Macromedia Flash is a vector-based digital design tool. Graphics and animations created with it are based on mathematical lines instead of individual pixels, resulting in smaller file sizes (shorter download times) and greater visual scalability (it retains similar qualities on Web pages, televisions and movie screens).

For its first few years, Flash was primarily used by designers to add eye candy to Web sites and was commonly scorned for its poor implementation. Today, Flash has evolved into a powerful design and development tool with the potential for incredibly sophisticated application. Here’s what happened.
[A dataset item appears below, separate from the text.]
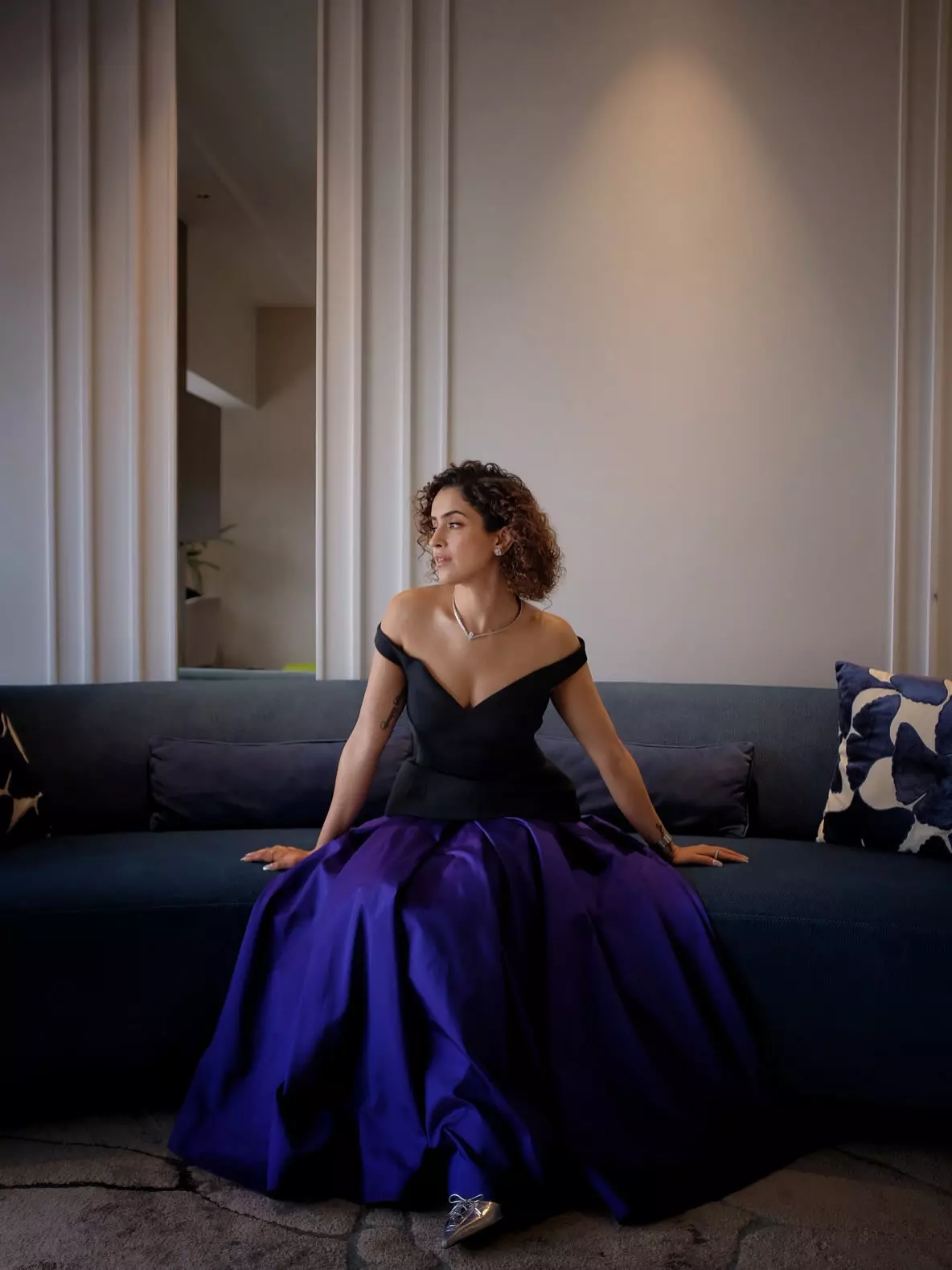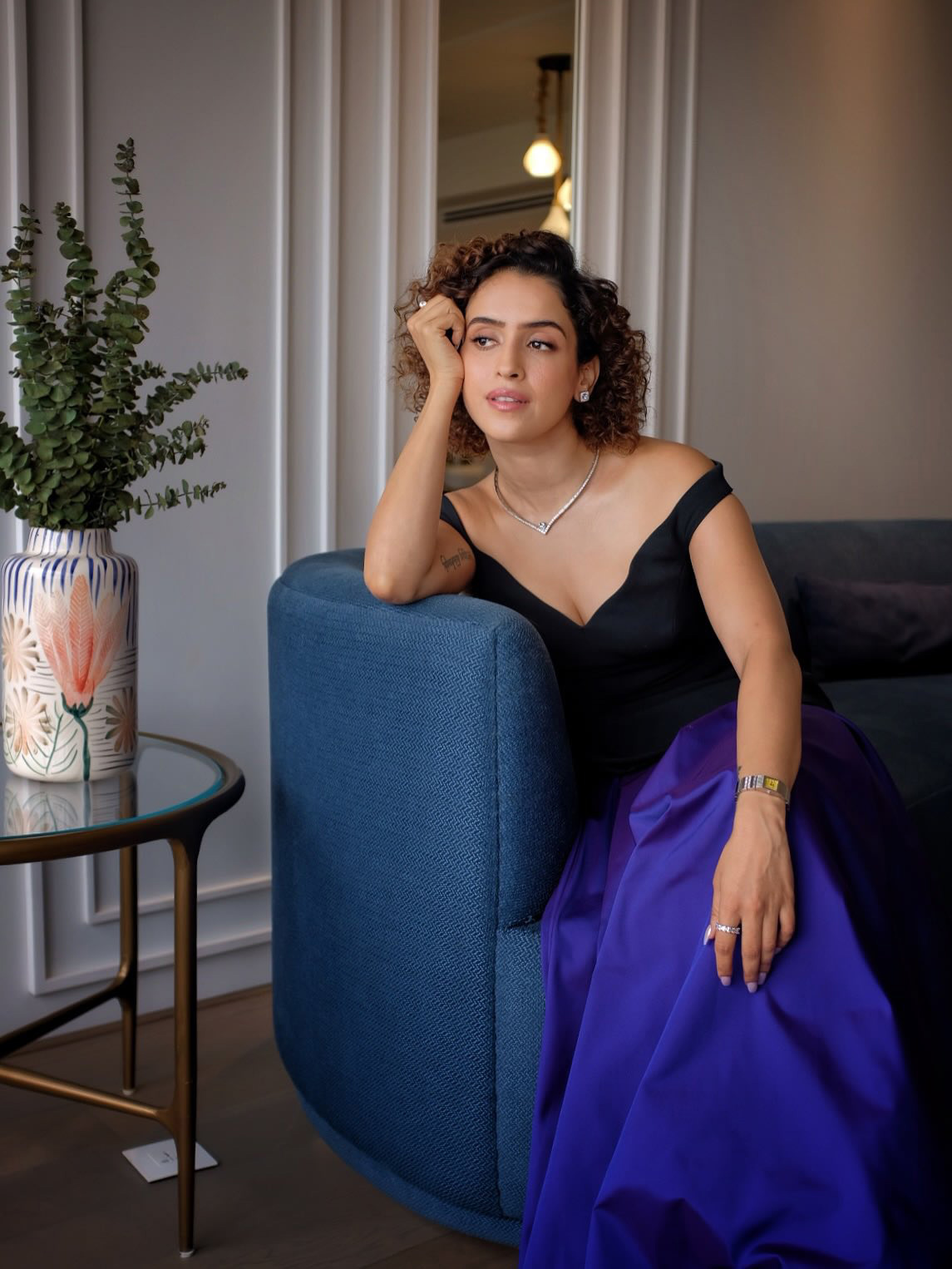 Sanya Malhotra once again proves that minimalism and class can be the most powerful fashion statements. Dressed in a stunning off-shoulder black bodice paired with a rich purple satin skirt, Sanya radiates timeless elegance with a modern twist. Her signature curls, soft-glam makeup, and delicate jewelry complete the look effortlessly balancing grace and strength. The poised posture and thoughtful expression capture her ever-growing maturity as both an actress and a fashion icon.
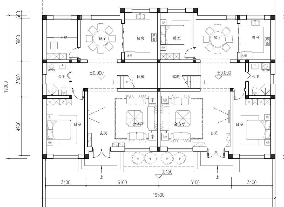 這個(gè)雙拼房屋設(shè)計(jì)是對(duì)稱式布局的,一層入戶玄關(guān),右手邊是一個(gè)大會(huì)客廳,玄關(guān)和會(huì)客廳聯(lián)通,讓室內(nèi)空間更加開闊。一層總共布置兩間臥室,餐廚空間在北側(cè),樓梯下的空間做儲(chǔ)藏間。

Nielson’s 2000 essay articulated why Flash made Web sites difficult for everyone to use and why disabled people using text-based browsers had insurmountable issues with it. He said it encouraged “design abuse” and that in most cases we would be better off without it.

Nielsen was called a heretic. He was yelled at, screamed at, denounced, ridiculed and verbally abused by the online design community. Somebody even created a Driving Over Jacob Nielson Game ( www.urbanev.com/jakob/ ). Notably, Joshua Davis ( www.joshuadavis.com ), perhaps the greatest Flash designer ever, told the BBC: “I’d beat Nielson up if I saw him.”

His critics complained that Nielsen wanted them to assume that all the visitors to their sites were idiots. He argued back that designers should “design for humans instead of for yourself.”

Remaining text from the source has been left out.